Матрос сказал искренне:
– Но вот нет, нет и нет у меня этого чувства. У пролетариата нет родины! – И добавил буднично: – Не хотите ли зайти к нам в дежурную? Граммофон послушать?
– Ну нет, наслушался его досыта. А вот не найдется ли у вас какой-нибудь книжки? Чувствую, что долго не засну – растревожил меня ваш следователь…
– Пожалуйста. У нас есть маленькая библиотечка. Книги очень хорошие: Маркс, Энгельс, Каутский, Плеханов…
– Спасибо, но эти сочинения не по мне. Слишком умно. Мне что-нибудь попроще.
– Так не могу же я вам предложить такую вещь, как «Робинзон», например.
– Ах, голубчик, эту самую книжицу мне и надо. Какая прелесть! Я ее, пожалуй, лет уже десять не перечитывал.
Матрос покачал своей массивной головой:
– Ваше дело. А то, право, взяли бы хоть Либкнехта. Он полегче будет. Ужасно мне обидно, товарищ Куприн, что вы от нашего лагеря сторонитесь. Мимо какого великого дела проходите. Работали бы с нами заодно. И честь вам бы была и слава…
Матросы сидели вокруг ревущего граммофона. Получив книжку, Куприн было собрался уходить, как кто-то поставил новую пластинку. Из медной трубы полился стройный, тягучий, нежно-носовой, давно знакомый, но позабытый мотив. Матросы начали гадать.

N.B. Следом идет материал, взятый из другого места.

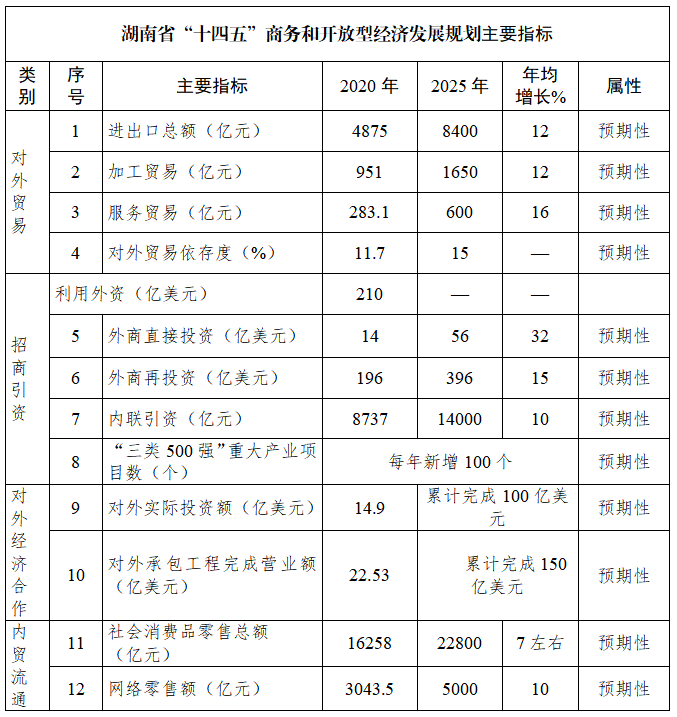 湖南省“十四五”商務(wù)和開放型經(jīng)濟(jì)發(fā)展規(guī)劃

– Может, варган, – говорил один, – я вот такой однажды в трактире слышал.
– А может, вовсе волынка.
– Непохоже. Это, должно быть, не играют, а поют. Какие-нибудь староверы поют…
И вдруг Куприн вспомнил и сказал:
– Не играют и не поют. А это дудят владимирские рожечники.
Никто из собравшихся во Владимирской губернии не бывал и рожечников не слушал, и Куприну пришлось рассказывать:
– Лет двадцать тому назад я обмерял лесные площадки в некоторых волостях Меленковского уезда Владимирской губернии. Народ во всей губернии здоровый, крепкий и состоятельный. Большинство о крепостном праве и не слышали, происходили от государственных крестьян. Деревни их были богатые. Рогатого скота множество, да не только ярославского, но и холмогорского и даже симментальского. Выпасы огромнейшие. Заливные и пойменные леса. А про свое сено меленковские так хвастались: «Кабы наше сено да с сахаром, так и попадья бы ела…»
Матросы замолкли, завороженно слушали Куприна.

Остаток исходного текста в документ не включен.